**Task brief:** Restate the data word for word and leave the images out.

**Material provided:**
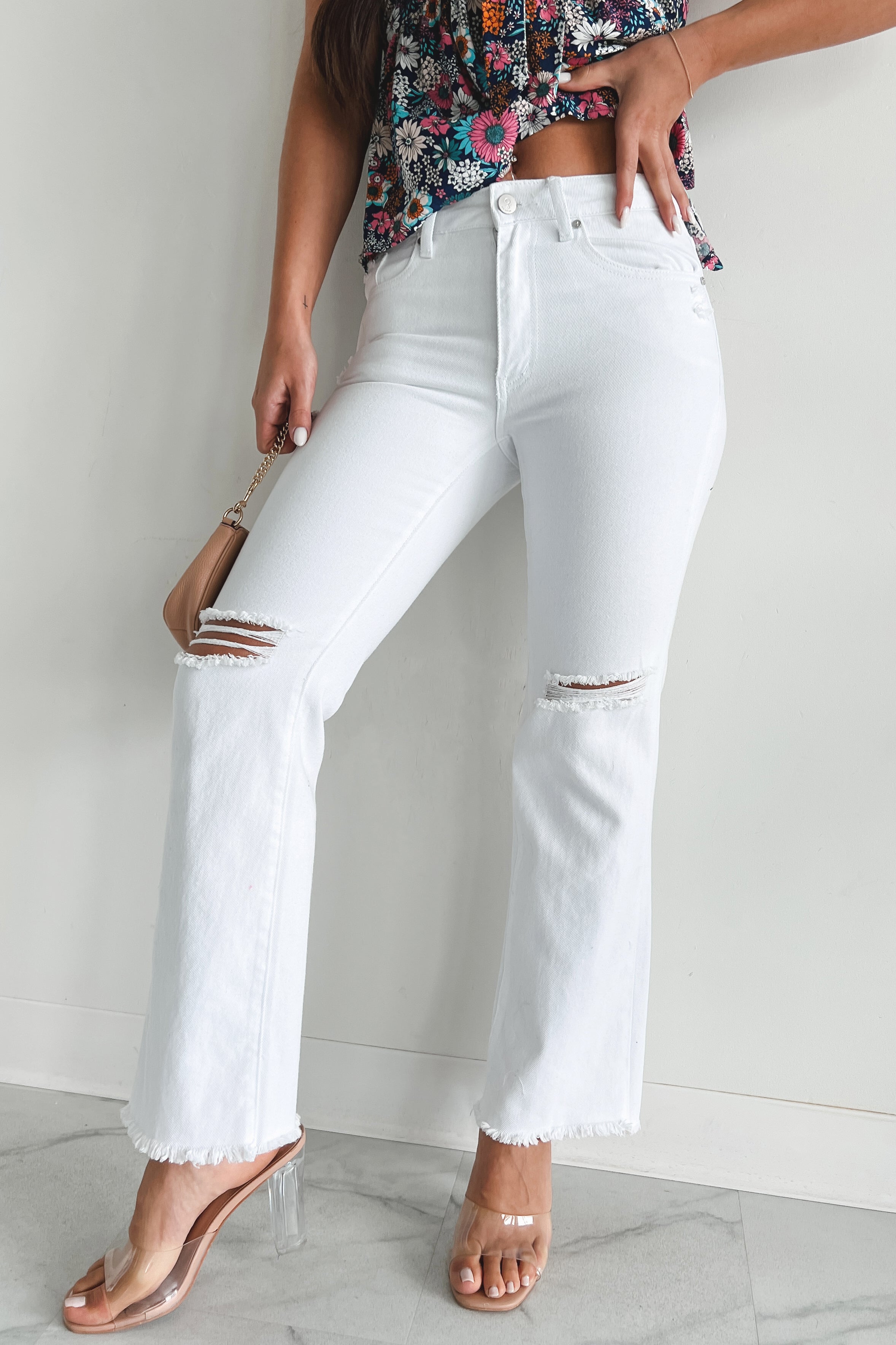 Keeping You Pleased High Rise Distressed Flare Jeans (Sky Blue)
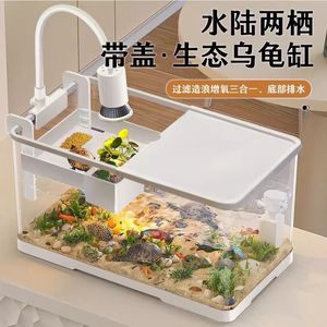 乌龟龟缸晒台家用生态造景别墅饲养巴西龟排水专用专用箱小型鱼缸
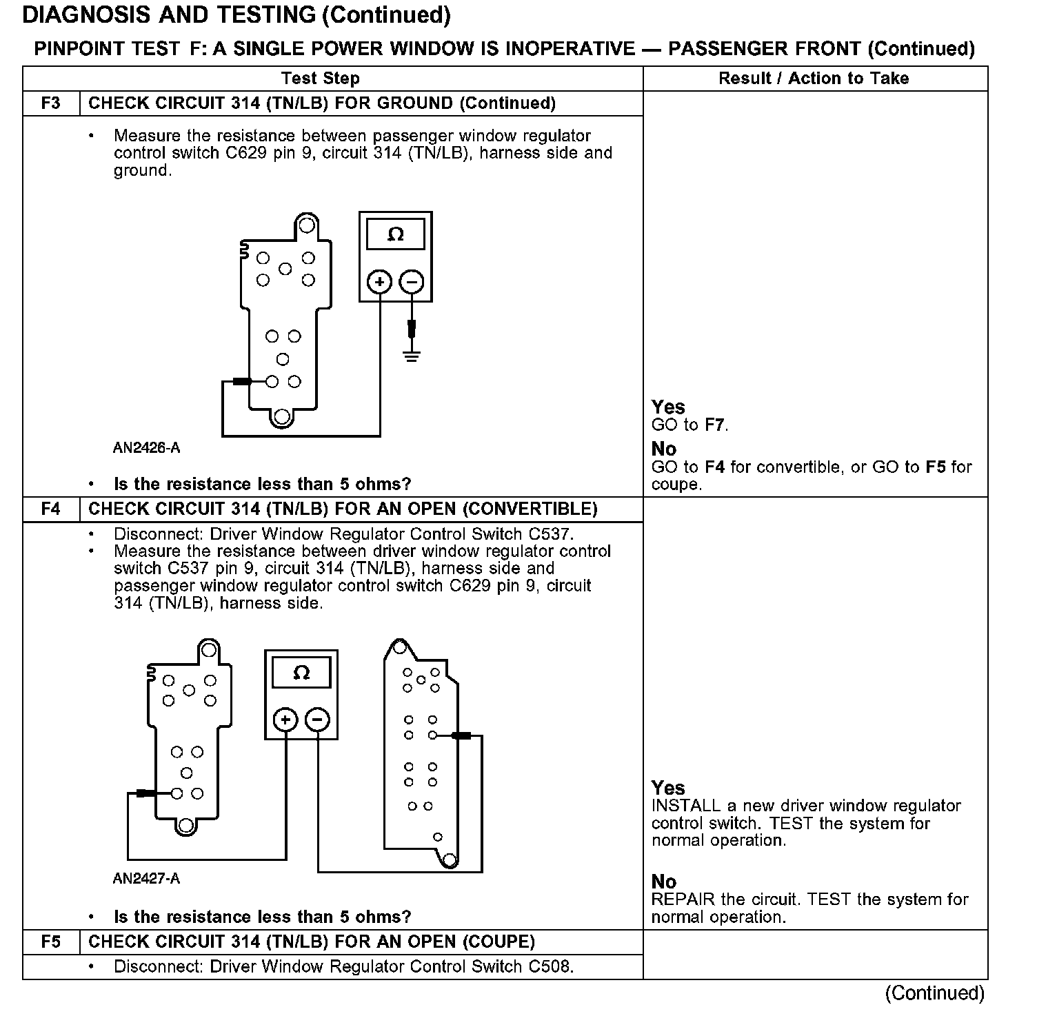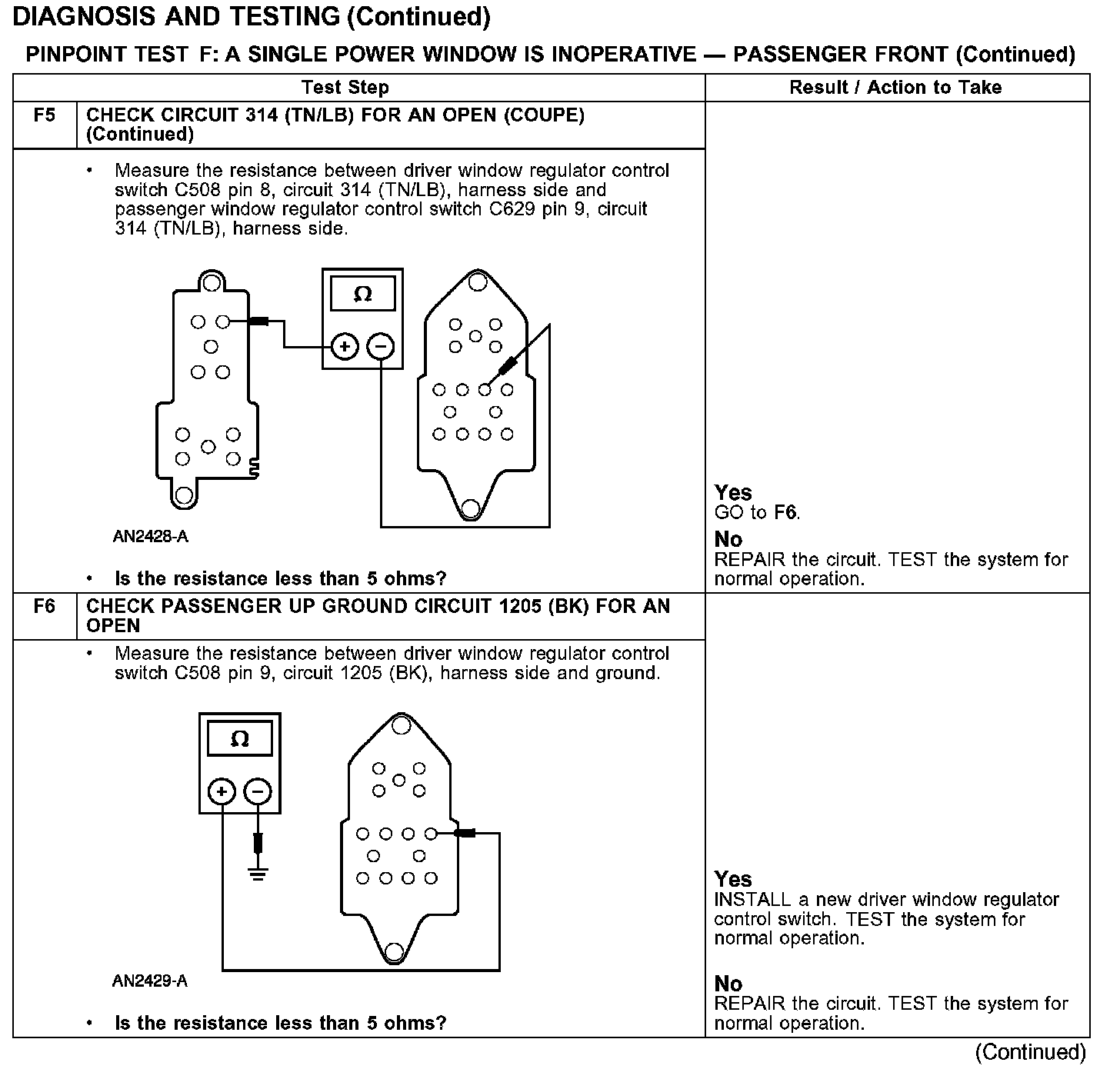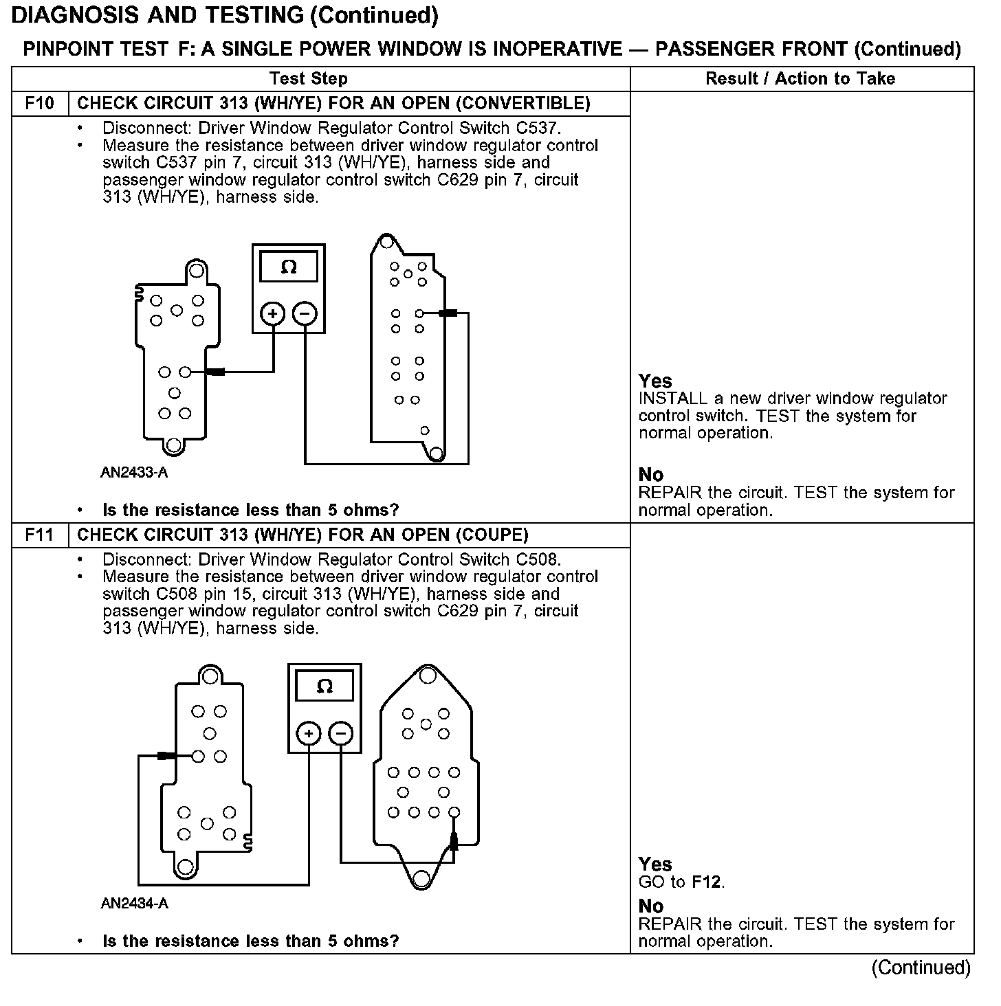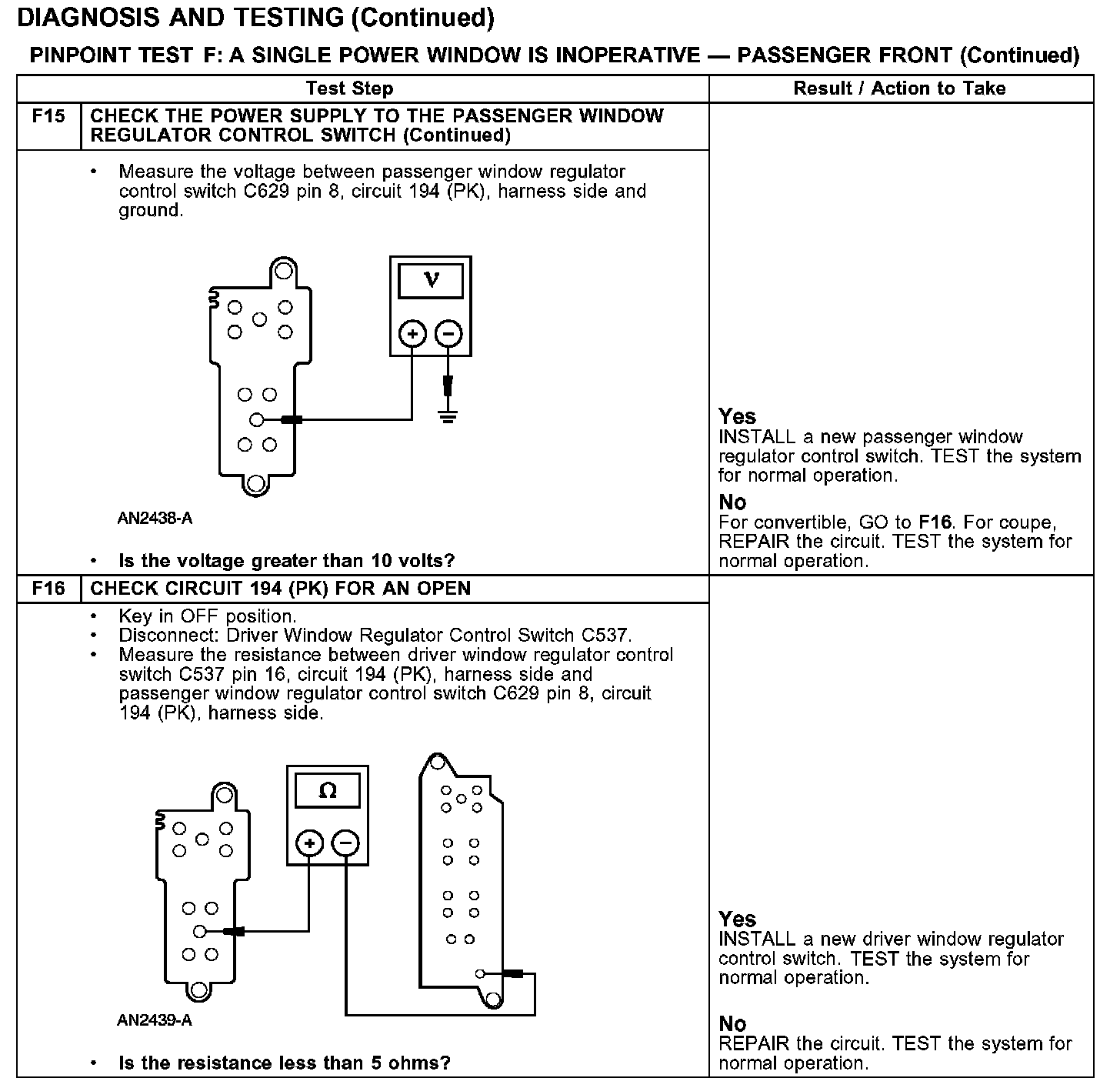 PINPOINT TEST F: A SINGLE POWER WINDOW IS INOPERATIVE - PASSENGER FRONT

**Result of this task:**
 Keeping You Pleased High Rise Distressed Flare Jeans (Sky Blue)
 乌龟龟缸晒台家用生态造景别墅饲养巴西龟排水专用专用箱小型鱼缸
 PINPOINT TEST F: A SINGLE POWER WINDOW IS INOPERATIVE - PASSENGER FRONT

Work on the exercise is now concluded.